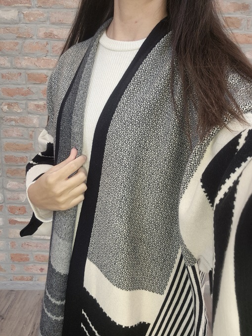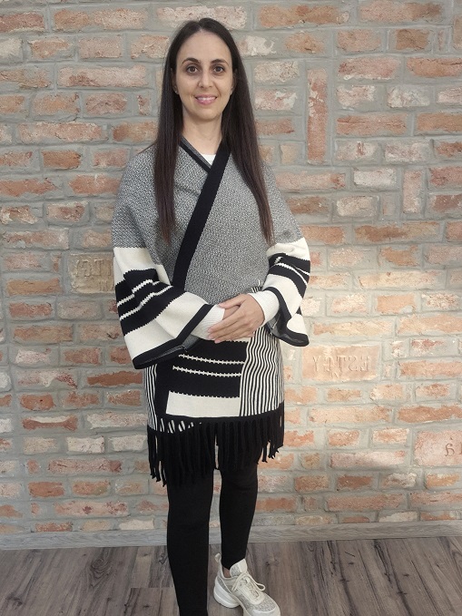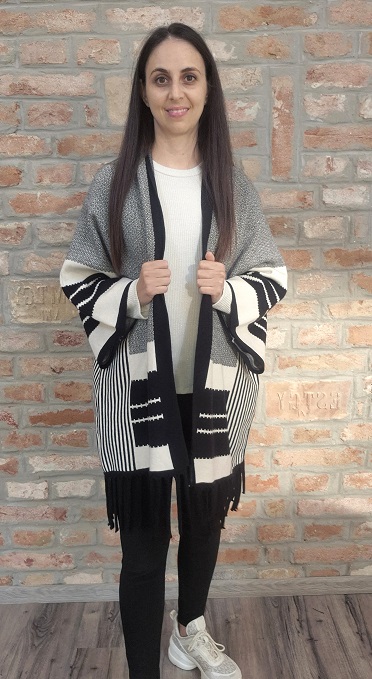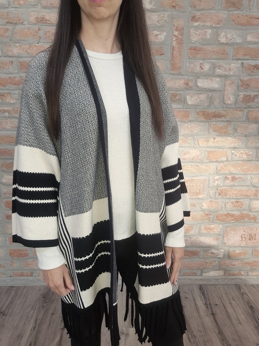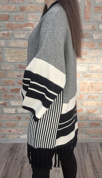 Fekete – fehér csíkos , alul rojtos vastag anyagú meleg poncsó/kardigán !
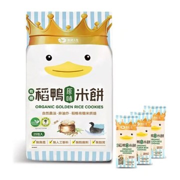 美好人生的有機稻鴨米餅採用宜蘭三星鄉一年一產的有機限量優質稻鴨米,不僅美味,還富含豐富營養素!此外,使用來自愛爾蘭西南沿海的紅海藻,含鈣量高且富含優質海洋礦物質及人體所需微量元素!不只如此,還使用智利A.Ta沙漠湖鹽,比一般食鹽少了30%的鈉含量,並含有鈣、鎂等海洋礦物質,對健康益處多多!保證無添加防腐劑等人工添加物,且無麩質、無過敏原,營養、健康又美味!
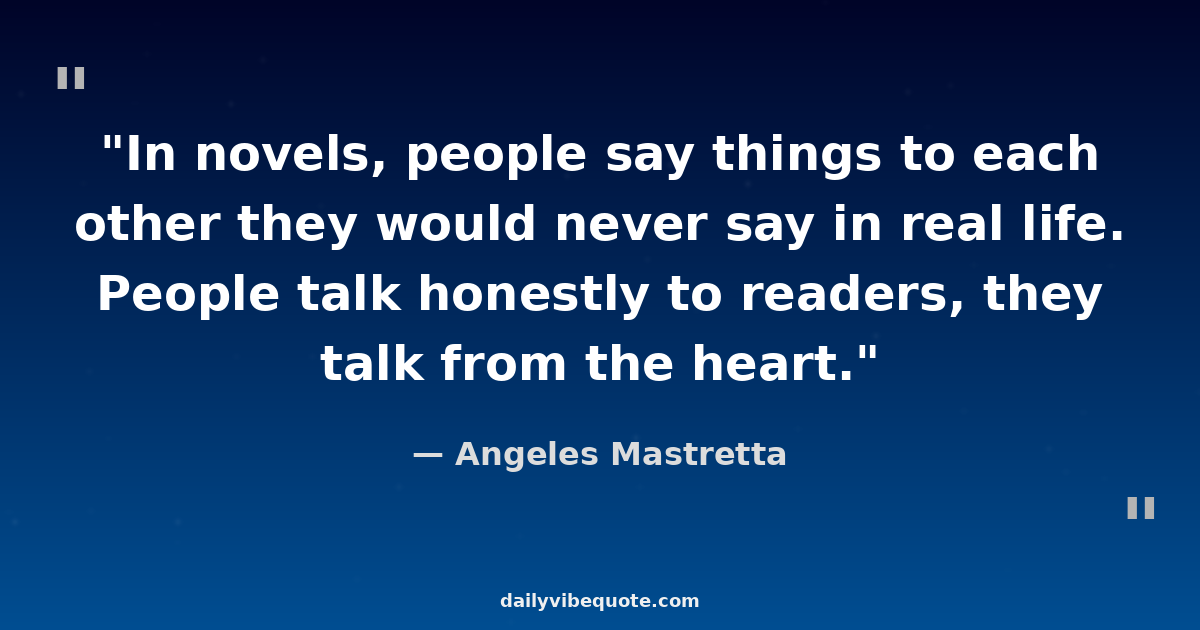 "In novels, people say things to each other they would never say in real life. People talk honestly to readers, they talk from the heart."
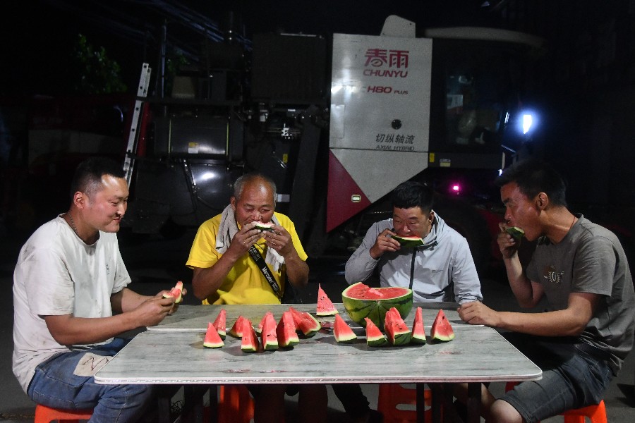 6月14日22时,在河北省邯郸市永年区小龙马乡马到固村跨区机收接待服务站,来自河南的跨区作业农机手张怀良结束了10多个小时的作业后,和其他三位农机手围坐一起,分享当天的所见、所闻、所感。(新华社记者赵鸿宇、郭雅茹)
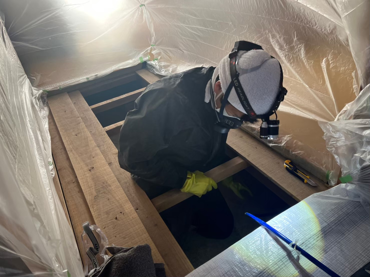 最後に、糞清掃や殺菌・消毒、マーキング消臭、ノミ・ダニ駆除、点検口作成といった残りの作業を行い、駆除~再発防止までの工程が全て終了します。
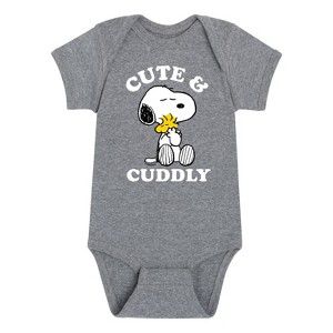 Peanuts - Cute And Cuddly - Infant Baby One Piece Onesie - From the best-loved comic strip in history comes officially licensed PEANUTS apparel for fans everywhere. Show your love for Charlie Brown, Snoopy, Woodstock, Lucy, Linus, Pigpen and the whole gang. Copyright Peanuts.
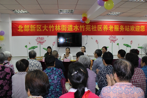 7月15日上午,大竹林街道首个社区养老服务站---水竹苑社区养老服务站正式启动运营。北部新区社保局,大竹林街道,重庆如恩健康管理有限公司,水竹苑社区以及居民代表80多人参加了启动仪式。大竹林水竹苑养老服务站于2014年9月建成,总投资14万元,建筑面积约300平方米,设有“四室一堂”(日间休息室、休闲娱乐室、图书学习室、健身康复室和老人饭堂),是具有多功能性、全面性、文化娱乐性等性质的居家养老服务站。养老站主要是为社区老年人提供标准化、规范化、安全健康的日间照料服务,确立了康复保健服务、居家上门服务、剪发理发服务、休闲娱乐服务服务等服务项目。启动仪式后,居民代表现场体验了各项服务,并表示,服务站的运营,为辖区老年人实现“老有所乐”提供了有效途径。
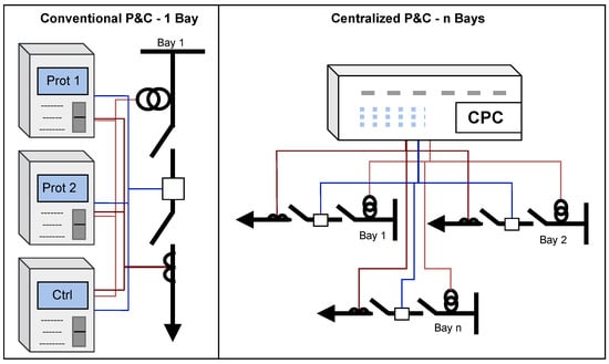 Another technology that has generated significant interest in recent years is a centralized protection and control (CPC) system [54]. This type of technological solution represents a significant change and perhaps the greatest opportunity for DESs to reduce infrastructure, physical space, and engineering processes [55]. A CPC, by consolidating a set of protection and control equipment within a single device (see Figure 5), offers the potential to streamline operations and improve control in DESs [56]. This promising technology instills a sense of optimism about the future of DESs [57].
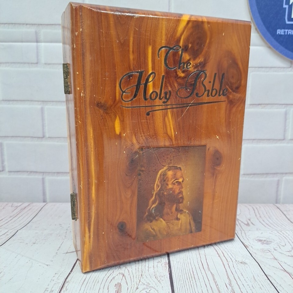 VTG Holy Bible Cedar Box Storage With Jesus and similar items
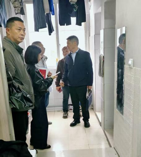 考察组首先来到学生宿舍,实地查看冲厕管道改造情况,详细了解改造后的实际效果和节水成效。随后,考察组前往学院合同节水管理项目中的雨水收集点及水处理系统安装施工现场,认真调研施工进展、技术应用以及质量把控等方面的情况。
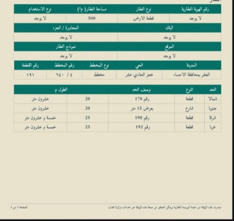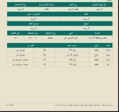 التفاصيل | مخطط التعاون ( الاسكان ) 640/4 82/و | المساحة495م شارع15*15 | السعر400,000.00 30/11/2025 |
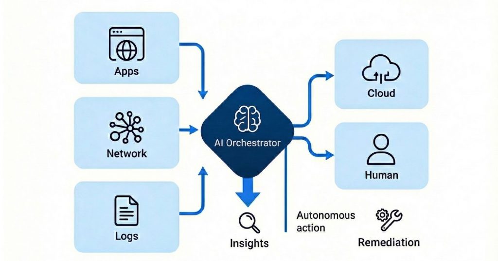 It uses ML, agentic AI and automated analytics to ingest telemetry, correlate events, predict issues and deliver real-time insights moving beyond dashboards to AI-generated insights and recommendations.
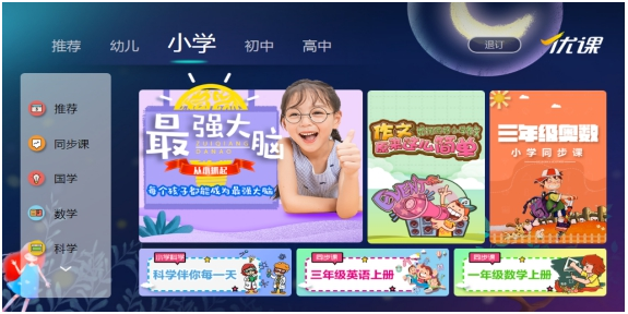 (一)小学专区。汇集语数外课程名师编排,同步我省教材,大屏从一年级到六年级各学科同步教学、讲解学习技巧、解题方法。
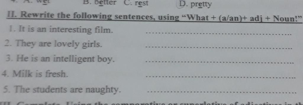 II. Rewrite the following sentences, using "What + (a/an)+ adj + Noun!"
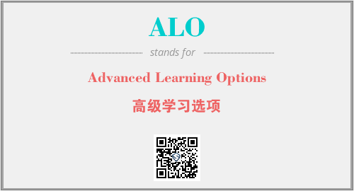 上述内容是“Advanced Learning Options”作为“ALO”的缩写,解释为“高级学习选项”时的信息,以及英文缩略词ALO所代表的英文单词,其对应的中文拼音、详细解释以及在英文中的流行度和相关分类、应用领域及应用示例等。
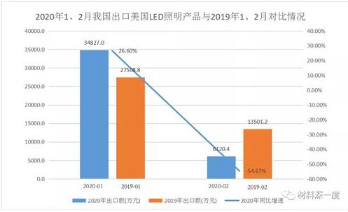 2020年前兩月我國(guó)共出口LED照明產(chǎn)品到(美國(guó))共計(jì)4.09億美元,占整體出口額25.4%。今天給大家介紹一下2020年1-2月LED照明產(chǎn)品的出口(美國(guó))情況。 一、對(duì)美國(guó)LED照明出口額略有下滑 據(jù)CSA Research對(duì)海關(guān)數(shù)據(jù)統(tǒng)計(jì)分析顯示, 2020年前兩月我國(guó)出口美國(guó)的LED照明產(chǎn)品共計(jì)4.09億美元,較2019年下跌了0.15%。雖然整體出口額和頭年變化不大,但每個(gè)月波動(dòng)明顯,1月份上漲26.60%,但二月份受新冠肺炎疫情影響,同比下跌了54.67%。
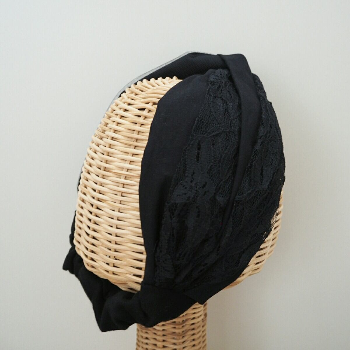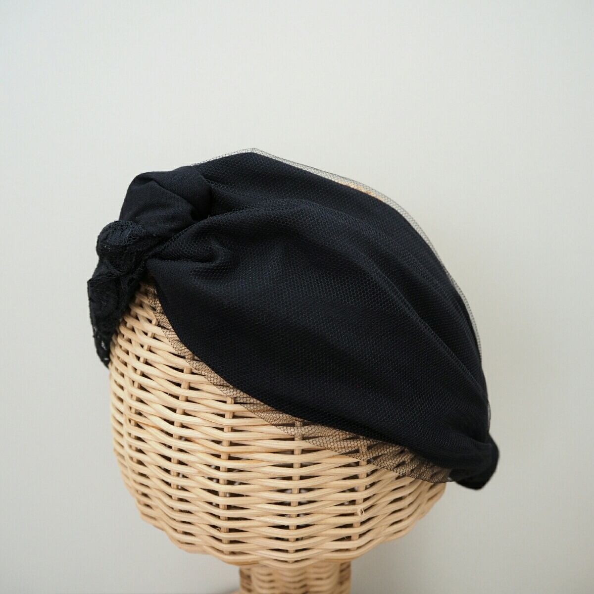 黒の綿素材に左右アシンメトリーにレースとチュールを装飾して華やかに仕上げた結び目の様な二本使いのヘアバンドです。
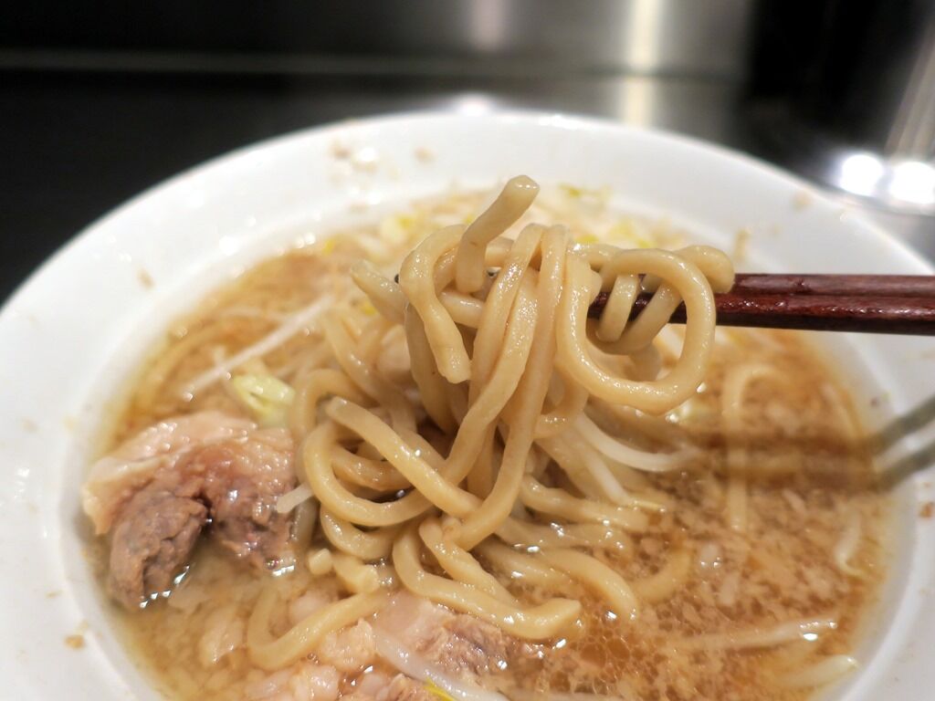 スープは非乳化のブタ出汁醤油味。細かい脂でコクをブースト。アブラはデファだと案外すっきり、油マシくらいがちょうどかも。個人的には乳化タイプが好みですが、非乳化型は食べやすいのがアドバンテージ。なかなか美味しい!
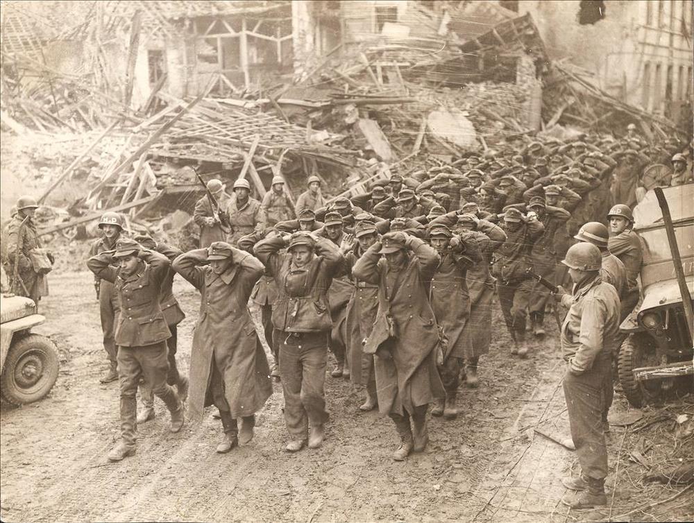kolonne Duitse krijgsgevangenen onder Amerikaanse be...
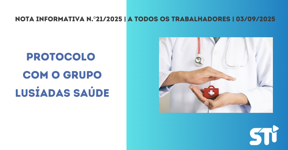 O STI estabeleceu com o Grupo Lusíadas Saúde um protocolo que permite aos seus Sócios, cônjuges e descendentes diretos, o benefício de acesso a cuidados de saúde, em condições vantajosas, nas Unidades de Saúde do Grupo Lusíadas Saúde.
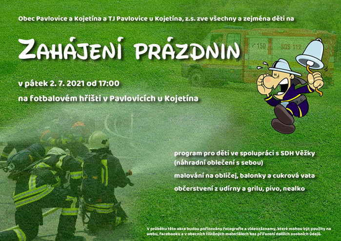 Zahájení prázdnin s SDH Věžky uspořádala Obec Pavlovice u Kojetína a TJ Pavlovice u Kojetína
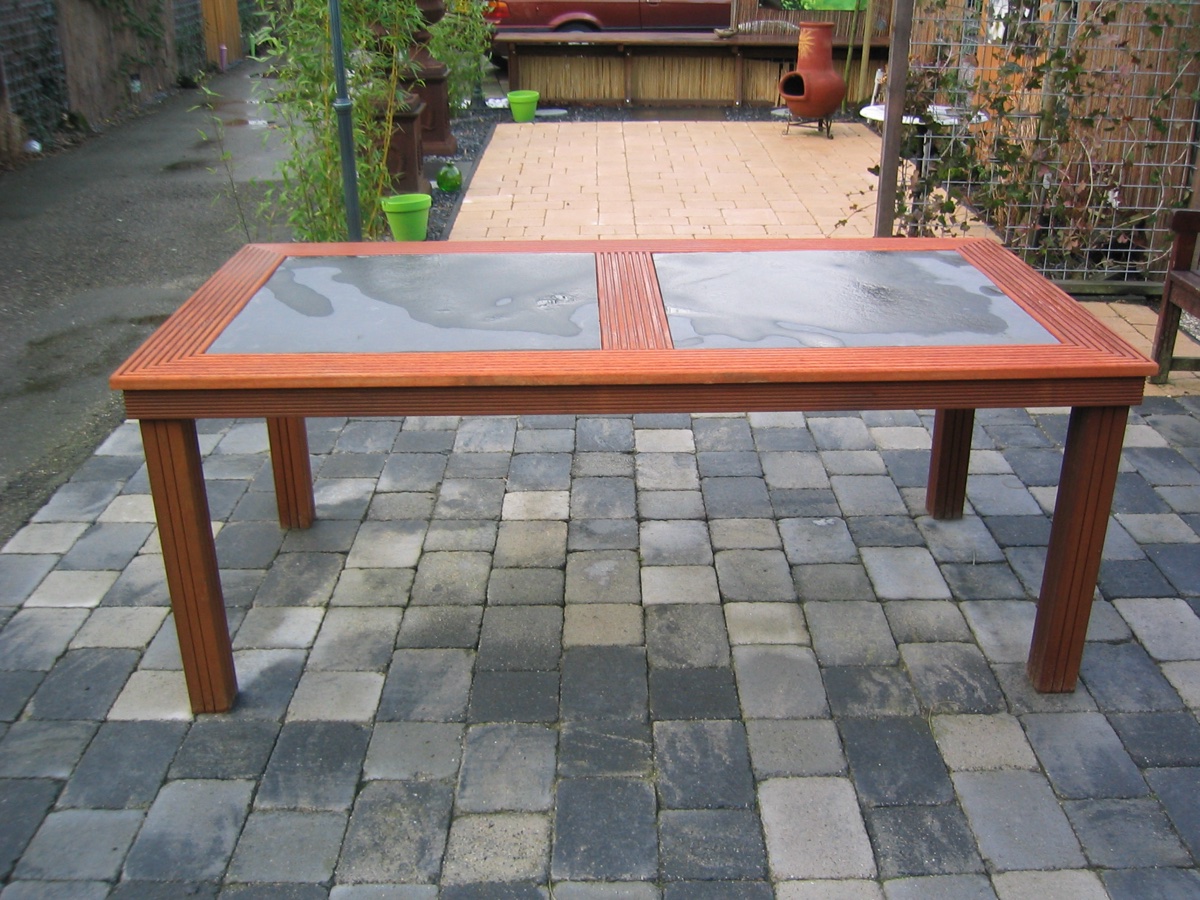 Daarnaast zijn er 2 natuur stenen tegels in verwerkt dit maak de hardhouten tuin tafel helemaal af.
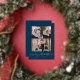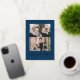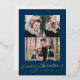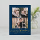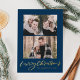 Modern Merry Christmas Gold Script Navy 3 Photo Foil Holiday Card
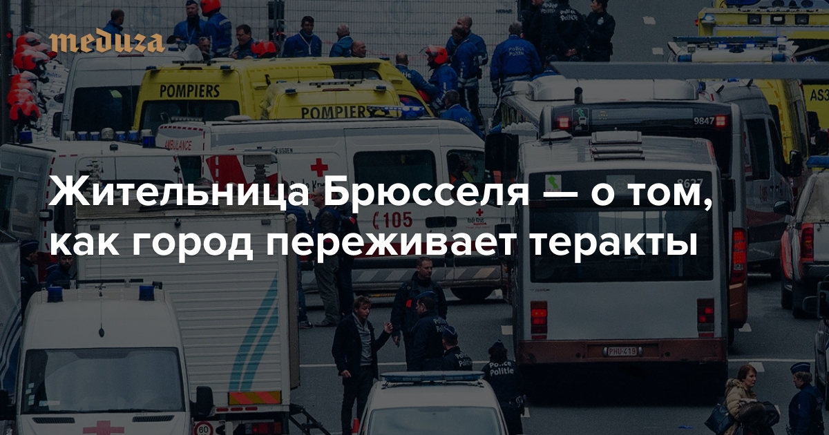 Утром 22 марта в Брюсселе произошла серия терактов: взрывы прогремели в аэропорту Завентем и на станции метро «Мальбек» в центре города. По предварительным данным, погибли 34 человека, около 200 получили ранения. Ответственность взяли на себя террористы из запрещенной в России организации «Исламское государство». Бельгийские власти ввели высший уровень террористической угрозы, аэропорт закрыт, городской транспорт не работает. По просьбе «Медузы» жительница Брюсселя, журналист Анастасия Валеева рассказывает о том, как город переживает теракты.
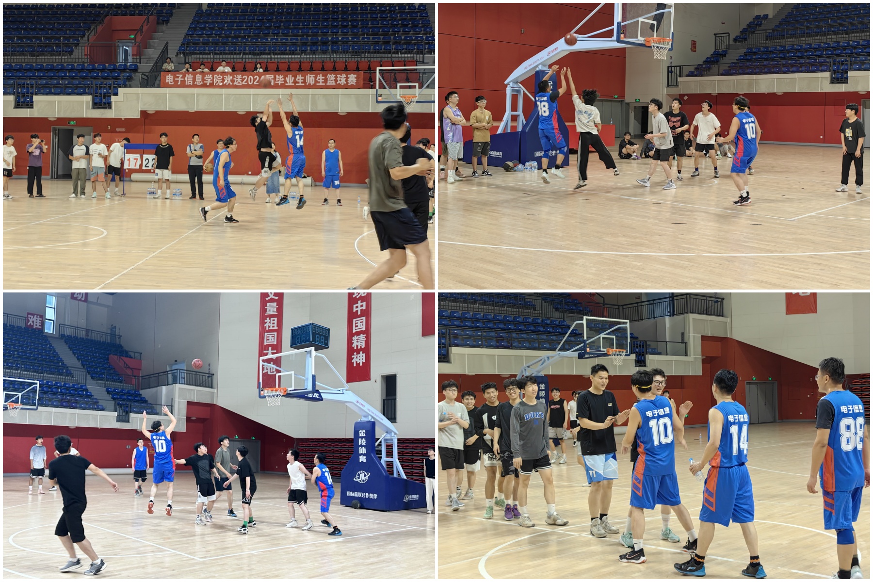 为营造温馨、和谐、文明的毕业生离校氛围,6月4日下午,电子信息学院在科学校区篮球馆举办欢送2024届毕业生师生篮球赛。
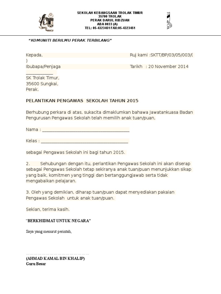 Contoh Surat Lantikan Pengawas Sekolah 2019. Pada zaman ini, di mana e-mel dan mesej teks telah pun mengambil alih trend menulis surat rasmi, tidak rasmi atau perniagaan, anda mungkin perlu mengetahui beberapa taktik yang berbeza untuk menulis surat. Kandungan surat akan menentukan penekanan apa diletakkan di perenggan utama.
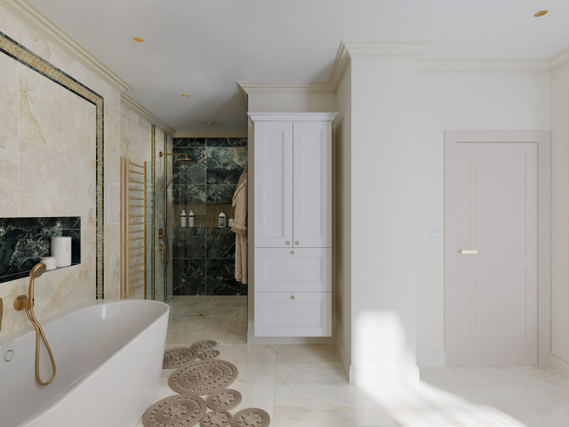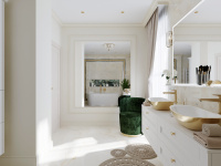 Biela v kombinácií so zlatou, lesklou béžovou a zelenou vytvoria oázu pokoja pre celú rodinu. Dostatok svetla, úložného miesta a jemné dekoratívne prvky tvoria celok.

--*--

◆ **TASK BRIEF**: Within the listing above, the lines starting at the one containing "Daarnaast zijn er" and ending at the one containing "Modern Merry Christmas" are to be returned exactly. Omit the pictures.

◆ **OUTPUT BELOW**:
 Daarnaast zijn er 2 natuur stenen tegels in verwerkt dit maak de hardhouten tuin tafel helemaal af.
 Modern Merry Christmas Gold Script Navy 3 Photo Foil Holiday Card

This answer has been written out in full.